院落宽敞,一张石桌摆上刚刚沏好的热茶之后。
黄桂林身体僵硬的站在宁尘的面前,她的两个儿子以及丈夫,则是焦躁不安的站在不远处。
怀玉领完路后,直接和阮小二等在门外。
宁尘坐在石椅上,沉默不语。
“那个……那个,真的不关我的事。”
黄桂兰实在受不了这种压抑的气氛,于是主动辩解道。
宁尘依旧默不作声。
轰!
黄桂兰扛不住了,双膝一软,跪在宁尘近前,哆哆嗦嗦道,“风四娘那件事,都是张若风主导的,我就传个话,其他,什么也没干。”
昨天,张家被杀得一干二净。
今天,宁尘亲自登门来到她家,只要不傻,就肯定能猜到,究竟为了什么目的。
其实作为帮凶之一的黄桂兰,万万不敢说实话,唯有将一切责任推到张若风的身上,尽量减轻自己的责任。
至少,要保住全家。
宁尘端起茶杯,缓缓吹动茶叶,坐姿优雅,举动娴熟,轻描淡写间,凸显出一副大人物高高在上的出众姿态。
这种气质,太出类拔萃了。
非但黄桂兰神色变得极为复杂,她不远处的两个儿子,也是陷入一阵茫然和震惊当中。
虽说,那年月,宁尘只是一个来春熙巷暂住的外地人,可,毕竟抬头不见低头见,黄桂兰的两个儿子,即使与宁尘不熟,或多或少也打过交道。
不过,源自于父母熏陶,这两个儿子从小就是势利眼,见到有钱人,哪怕是热脸贴冷屁|股,也要凑上去。
遇到穷人,恨不得绕道走,哪怕同处一个屋檐之下。
也正因此,黄桂兰的两个儿子,向来瞧不起宁尘,总认为这个穷得连狗都不如的家伙,跟他们同住在春熙巷,简直丢他们的脸。
时年今日。
曾经被他们一度看不上的家伙,又回来了。
只是,曾经在他们眼里,如同蝼蚁般的漂泊浪子,摇身一变,成为了这普世间,最丰神朗玉的浊世佳公子,甚至比他们在落阳城接触的公子哥们,还要出众。
这……
这两,一名为李月,一个为李日的儿子,几乎同一时间,想到了一个词,狗眼看人低。
如果再知道,近前这位年轻男儿,人生境遇,远非大发横财那般简单,也不知,他们会不会后悔莫及?
若是和宁尘交好,也许,今天就不是这样的局面了。
关于狗眼看人低这个词,其实黄桂兰感触最深。
毕竟,往日里教育儿子,没少一次拿宁尘做对比,什么再不努力,就跟那个穷小子一样,无才无德,连个像样的家都没。
现在……
她跪在了这个年轻男人的面前。
而,正襟危坐的宁尘,自始至终连看她一眼的兴趣,都没有。
“那件事,真的与我无关,你要清算,也是找张若风,瞿白的麻烦,揪着我这么个手无缚鸡之力的妇人,有什么用?”
黄桂兰垂下脑袋,颇为心虚的解释道。
宁尘轻轻合上茶盖,依旧不言不语。
现场气氛,凝重到令人呼吸急促。
(本章完)
第600章 要不斗一斗(三更)()
黄桂兰一辈子,都没经历过,如此难熬的艰难时刻。
宁尘越是不说话。
黄桂兰越觉得焦躁不安。
那种感触,就像是被死神紧紧盯住,稍有不慎,就会掉脑袋。
一个头发长,见识短的无知妇人,哪里遇到过这种架势?
“宁,宁尘,风四娘的事情,真的与我无关,希望你,不要怪罪到无关人等的身上。
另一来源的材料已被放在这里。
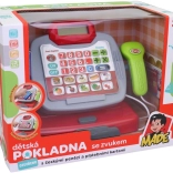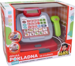 Et børnekasseapparat med tjekkisk design, der vil glæde alle små butiksassistenter. Det byder på lys- og lydeffekter, en funktionel scanner til prisindlæsning, en digital lommeregner og rigt tilbehør inklusive tjekkiske papirpenge, betalingskort og plastmønter. Strømforsyning via 2× AA-batterier (inkluderet). Velegnet til børn fra 3 år.
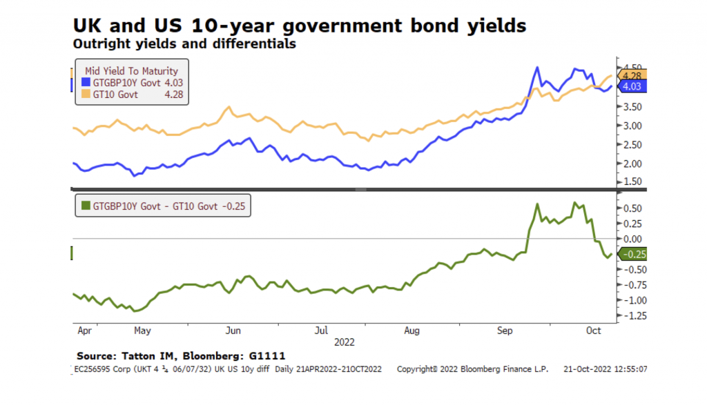 On the other hand, the UK Government bond (Gilt) market was cheered by the successful revolt against fiscal largesse. Yields are not yet back to August levels, but then neither are US yields, despite the US not experiencing any fiscal policy upheaval. Indeed, US yields have again risen while the Gilt market has experienced a significant bounce in prices which, as we explain in much more detail in a separate bond primer article this week, means that Gilt yields have corrected downwards.
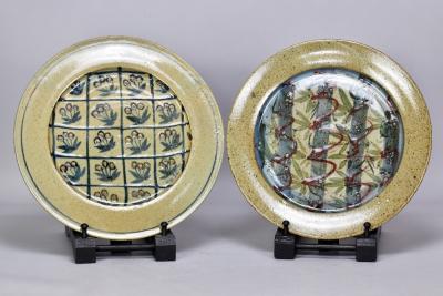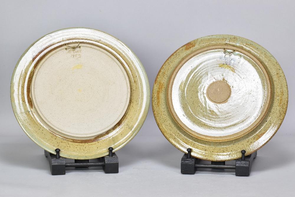 Lot 440 of 493: ALAN BALL; two stoneware plates with floral decoration, painted and incised signatures and dated 1983 and 1984, largest diameter 32cm (2). (D) Provenance: Purchased from Arts Centre Washington.

”黄桂兰硬着头皮,再次出声道。
许久,黄桂兰的小儿子。
名为李月的年轻男子,也不知道是觉得宁尘发财了心理不平衡,还是觉得宁尘让自己母亲跪在地上,简直是欺人太甚。
于是跨前一步,语气森冷道,“宁尘,你不要以为自己发财了,有钱了,就可以为所欲为了。”
“我李家,不是你想放肆就能放肆。”
“落阳城,同样容不得你胡作非为。”
李月咬牙切齿道。
宁尘歪过脑袋,静静得打量着李月。
他的哥哥,想要拉回年轻气盛的弟弟,但这话已经成功吸引到宁尘的注意力,一时半会也不好有所动作,唯有沉默。
李月瞧着宁尘好像被自己的话震住了,心道,也就是一个狐假虎威的家伙,不值得畏惧。
于是上前几步,靠近黄桂兰,准备一把拉起自己的母亲。
至于黄桂兰的丈夫,本来在家里就没什么地位,现在遇到这种状况,更不知道如何出面解决,基本失去作用。
黄桂兰这个时候,已经被吓得双腿发软。
眼看自己的小儿子,出来维护自己了,心里一喜,忙着伸出手搭上李月的手腕,准备借力站起来。
“张岩昨天也说了同样的话,他觉得有儿子罩着自己,我宁河图即使有一百二十个胆子,也不敢动他。”
一句话,轻描淡写。
却让李月和黄桂兰的动作,当场僵硬住,尤其是想到张岩一家几十口人,被杀的就剩张若风一人,冷不丁就打了个寒颤。
“嘶嘶。”
黄桂兰终归还是被吓到了,狠下心肠推走李月,继续跪在宁尘近前。
依旧保持咬牙切齿姿势的李月,沉息一口气,开腔指责道,“我不管你现在是什么身份,反正我母亲和风四娘的事情,毫无关联。”
“你怪不到她的头上。”
“不想背上滥杀无辜的骂名,就乖乖的放了我母亲,至于今天的争端,我家,也不会再找你麻烦,权当各自退了一步。”
一时口快,这位李家小儿子,洋洋洒洒一阵长篇大论。
“你,算个什么东西?”
宁尘挑眉,“哪来的资格指点我宁河图做事?”
李月当场脸色铁青,张张嘴,无言以对。
哧!
宁尘依旧保持正襟危坐的姿势。
右手拇指乃至食指,轻轻上扬,做拈花状。
这看似轻描淡写的动作,却在下一刻,造成骇人的效果。
那脸色僵硬,神情阴冷的李月,轰得一声跪在了宁尘的近前,仅仅一个呼吸,这位年轻男子终于意识到祸从口出。
“你,你干什么?”
李月咬着牙床,硬生生的挤出这样一句话。
终归是底气不足,最后连抬头的勇气,都散得一干二净。
不过,他凄厉的吼声,还是让外面的人听到了动作。
怀玉和自己的父亲对视两眼,没有吱声。
以黄桂兰的所作所为,今天注定是在劫难逃,毕竟,他们已经提前得知了宁尘的骇人身份。
不过,真正处理起来,应该还会牵扯到一点麻烦。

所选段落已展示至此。